Project

General

Profile

Task #1937

stop supporting changing CUDA host compiler

Added by Mark Abraham over 3 years ago. Updated 10 months ago.

Status:
New
Priority:
Low
Assignee:
Category:
build system
Target version:
Difficulty:
uncategorized
Close

Description

cmake/gmxManageNvccConfig.cmake supports changing the nvcc host compiler. This is problematic because the main compilers are constant in CMake, and the only way we can be sure of binary compatibility of code compiled with nvcc is to use the same host compiler.

We should use the main compiler as the host compiler, either by checking that FindCUDA agrees on which compiler to use, or setting it ourselves.

History

#1 Updated by Szilárd Páll over 3 years ago

I'm definitely no expert on this, but there must be alternatives to ensure binary compatiblity and avoiding getting teleported one into the C++ hell.

The reason why I find it potentially very limiting to not be able to reasonably freely pick a host compiler is that I don't trust NVIDIA keeping up with compilers. They got better, but consider this: assuming we'd introduce this restriction now, with CUDA we could not use anything newer than gcc 4.8 (IIRC). Plus, if CUDA 8.0 happens to introduce some stupid regression (which was the case e.g. with 7.0), one would be stuck with gcc 4.8 instead of v5-6 for another year or two.

#2 Updated by Alexey Shvetsov over 3 years ago

Its bad idea. For example on cluster at SpbSTU we have gcc-5.3 gcc-4.8 and icc-2016.1. Also there are some number of gpu nodes with K40. Cuda version is 7.5.

Only way to compile cuda code is to use gcc-4.8 for it as backend for nvcc (and disable propagating host flags to nvcc) since gcc-5.3 and icc-2016.1 cannot be used for cuda =\

#3 Updated by Mark Abraham over 3 years ago

For this to ever be a useful user-space feature, we need a plan for how we're going to manage
  • testing a reasonable matrix of ABI and standard library potential incompatibility (and why this is a priority for our time)
  • documenting what a user would do, and
  • how an appreciable fraction of users will know that they should bother to do so.
    If not, then it's just a toy for cognoscenti, and surely we have better things to do.

Note that after three years we have barely even documented what CUDA_HOST_COMPILER does.

#4 Updated by Alexey Shvetsov over 3 years ago

We can document this feature =)

list of supported compilers from cuda/host_config.h from cuda-7.5

=icc-15
=<gcc-4.9
=pgc++-15.4
=xlC-13.1
MSVC-{2010,2012,2013}

So if support for defining CUDA_HOST_COMPILER this list will be only supported compilers =/

#5 Updated by Gerrit Code Review Bot over 3 years ago

Gerrit received a related patchset '1' for Issue #1937.
Uploader: Alexey Shvetsov ()
Change-Id: Iceb62ed67718ed7796f593f9939b451dd0e4dc48
Gerrit URL: https://gerrit.gromacs.org/5787

#6 Updated by Szilárd Páll over 3 years ago

Mark Abraham wrote:

If not, then it's just a toy for cognoscenti, and surely we have better things to do.

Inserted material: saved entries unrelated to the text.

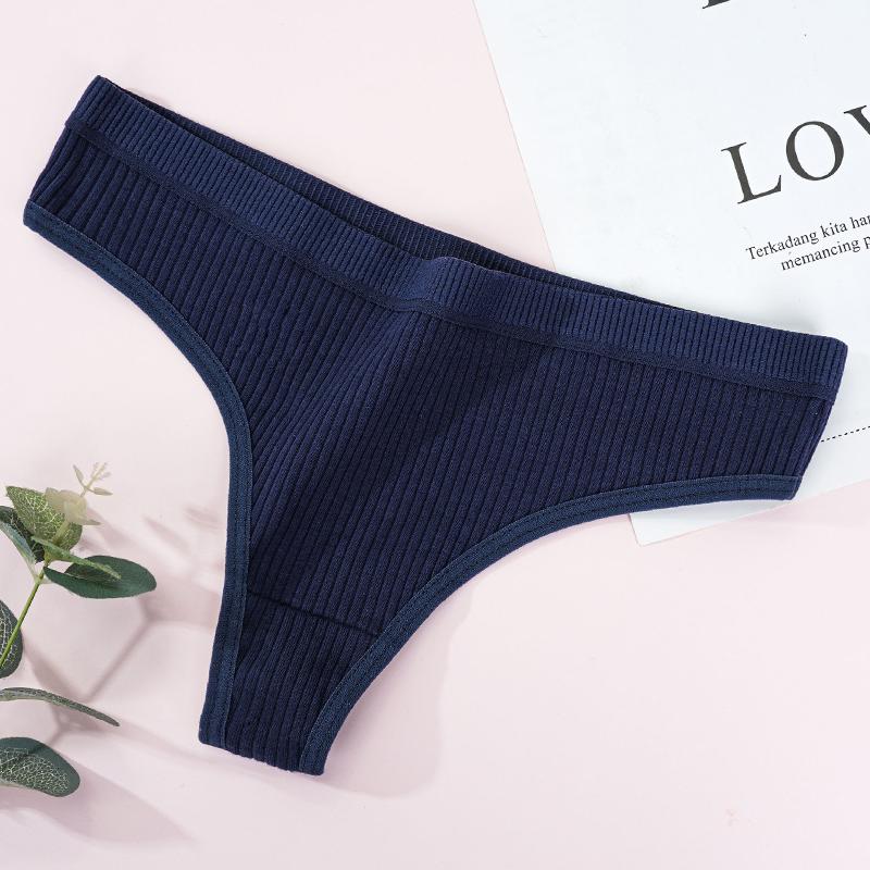 Женское простое удобное нижнее белье-стринги, женские трусики-стринги с низкой талией в вертикальную полоску из хлопка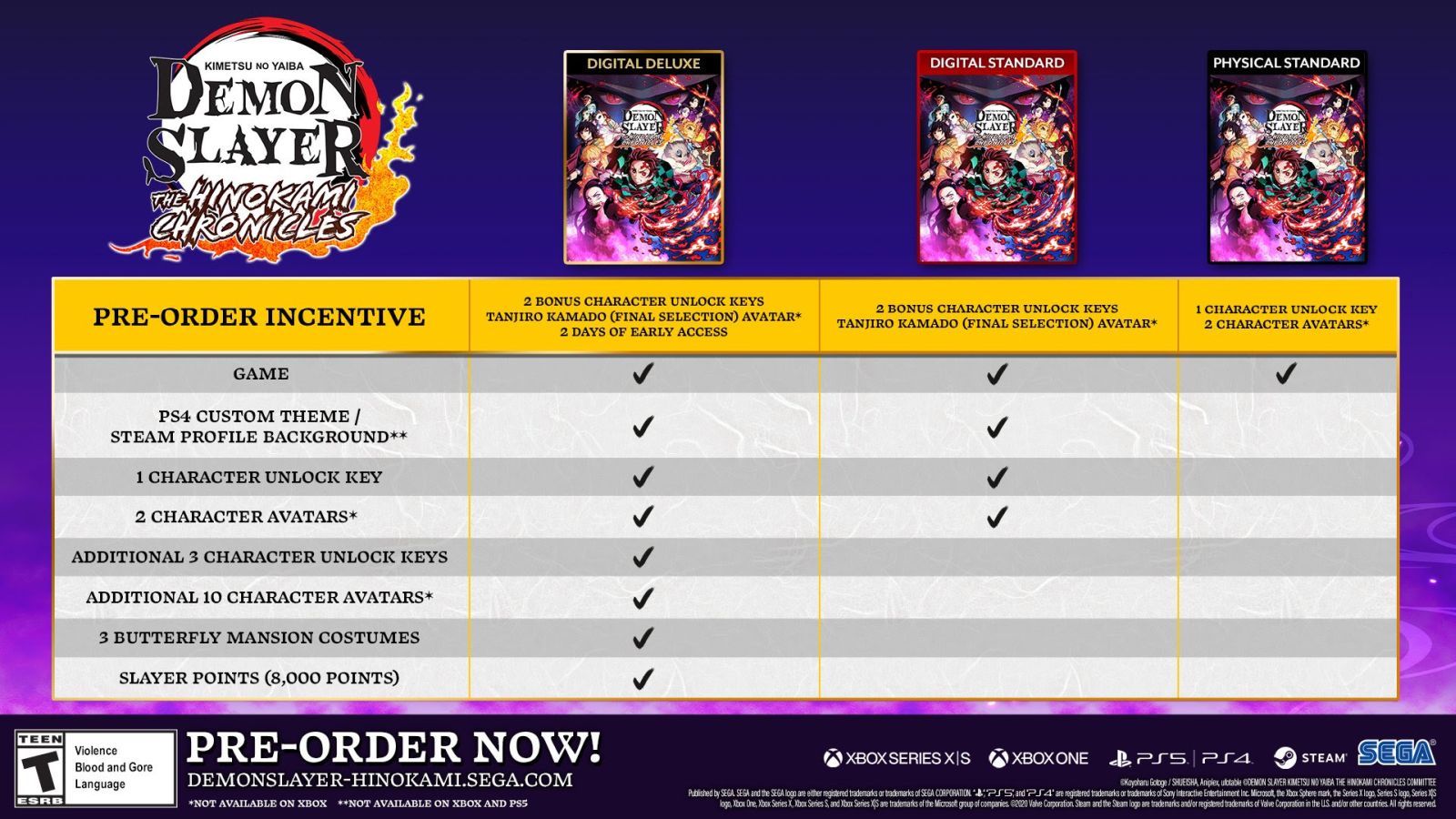 Pre-order Demon Slayer -Kimetsu no Yaiba- The Hinokami Chronicles from PlayStation Network and the Xbox Games Store now! The digital Standard Edition contains: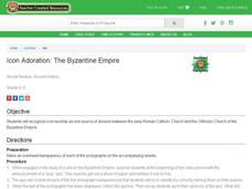 Students study idol worship in the Byzantine Empire and the separation it cause between the Roman Catholic and Orthodox churches. In this Byzantine Empire lesson, students study pictograph transparencies and take a pop quiz over them....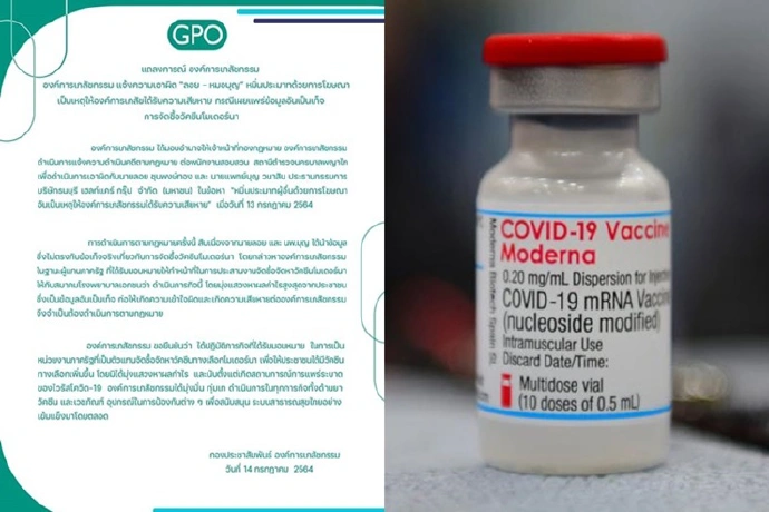 องค์การเภสัชกรรม ขอยืนยันว่า ได้ปฏิบัติภารกิจที่ได้รับมอบหมาย ในการเป็นหน่วยงานภาครัฐที่เป็นตัวแทนจัดซื้อจัดหาวัคซีนทางเลือกโมเดอร์นา เพื่อให้ประชาชนได้มีวัคซีนทางเลือกเพิ่มขึ้น โดยมิได้มุ่งแสวงหาผลกำไร และนับตั้งแต่เกิดสถานการณ์การแพร่ระบาดของไวรัสโควิด-19 องค์การเกสัชกรรมได้มุ่งมั่น ทุ่มเท ดำเนินการในทุกภารกิจทั้งด้านยาวัคซีน และเวชภัณฑ์ อุปกรณ์ในการป้องกันต่าง ๆ เพื่อสนับสนุน ระบบสาธารณสุขไทยอย่างเข้มแข็งมาโดยตลอด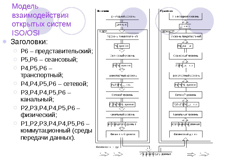 Модель взаимодействия открытых систем ISO/OSI Заголовки: P 6 – представительский; P 5, P 6 – сеансовый; P 4, P 5, P 6 – транспортный; P 4, P 5, P 6 – сетевой; P 3, P 4, P 5, P 6 – канальный; P 2, P 3, P 4, P 5, P 6 – физический; P 1, P 2, P 3, P 4, P 5, P 6 – коммутационный (среды передачи данных).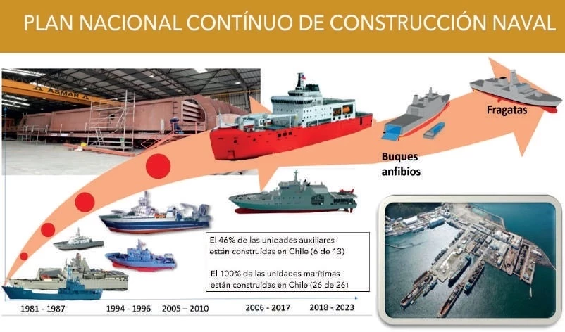 El lanzamiento del Plan toma al astillero chileno en pleno Proyecto Escotillón IV, que contempla la construcción en Chile de cuatro buques multipropósito, y con la seria intención de que, en la próxima década, el país sudamericano pueda construir sus propios buques de guerra.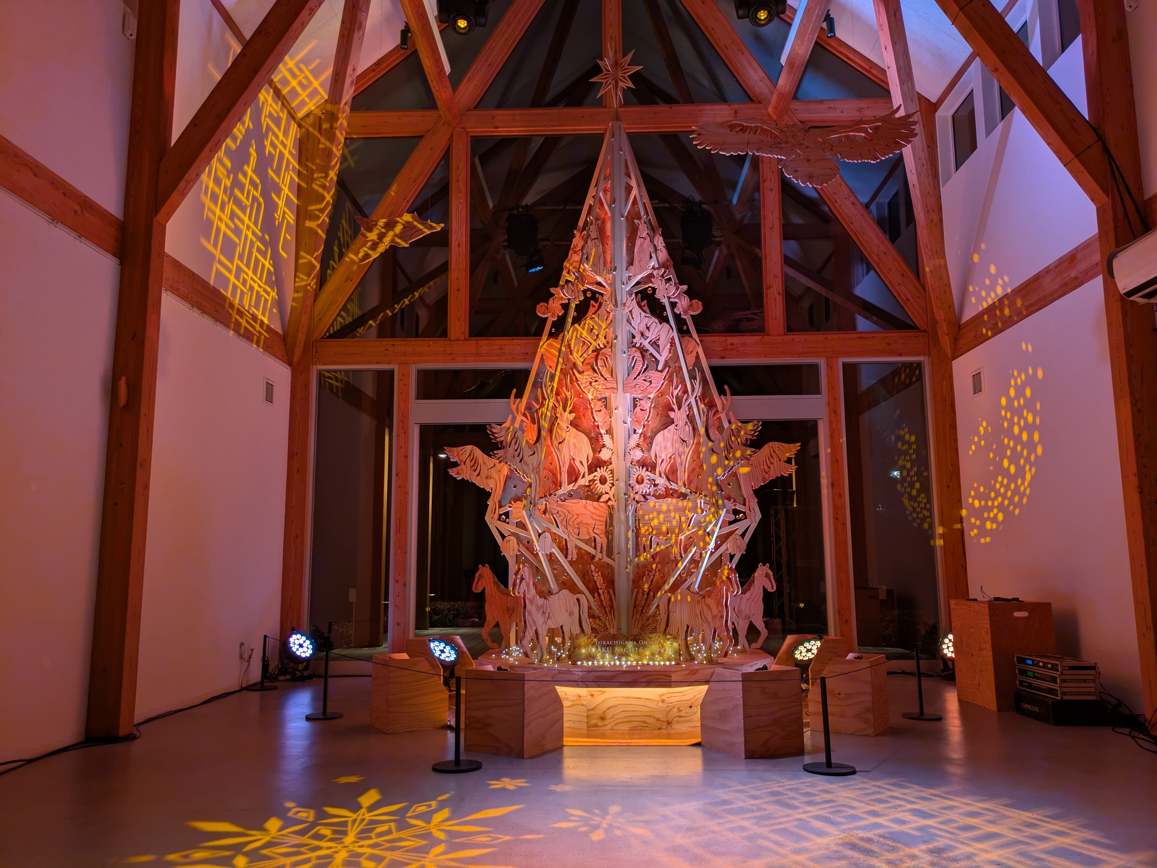 見どころ:館内の「からまつコリドー」に設えられたウッドツリーは、何年も大切に「使い続けて育てる」ことを念頭においたもの。十勝川温泉の「モール温泉」が持つ色合い「琥珀色」の光をまとい、地元十勝の動物や植物をあしらった、あたたかなツリー。今年はエントランスからの香りの演出なども加え、さらに温かいくつろぎの空間をお届けしました。

Note that after three years we have barely even documented what CUDA_HOST_COMPILER does.

I agree that some basic documentation is useful. At the same time, your above comment seems to assume that the GROMACS project has the responsibility of documenting this CUDA/CMake feature which sounds strange.

The CUDA host compiler is a CUDA feature exposed straight by the CMake module through the CUDA_HOST_COMPILER variable. Interested users can always read up in the CUDA documentation if they run into the issue of compiler hell. We provide no documentation for plenty of other CMAke cache variables, and I see no reason to provide more than very basic description (similar to what Alexey uploaded) and pointer to the NVIDIA docs (and my original intent was to automate things in CMake so the user most does not have to care). That will of course only tell users how to possibly create more trouble while trying to solve an issue, but hey, there's no free lunch.

I believe a decently complete documentation (self-sufficient with good coverage of use-cases) that's also up-to-date requires more or less the same amount of maintenance as the code I jut removed from CMake. If you prefer to help users more pointing to external resources, we may as well have consistency checks and hints directly in the CMake script along a very basic documentation.

BTW, one real issue is the flag propagation, so some minimal support for filtering/overriding the C++ flags passed would be useful.

#7 Updated by Alexey Shvetsov over 3 years ago

Problem is that cmake related cuda options are poorly documented. So if we have some basic howto fix (or br0ke at all) will be helpfull for users.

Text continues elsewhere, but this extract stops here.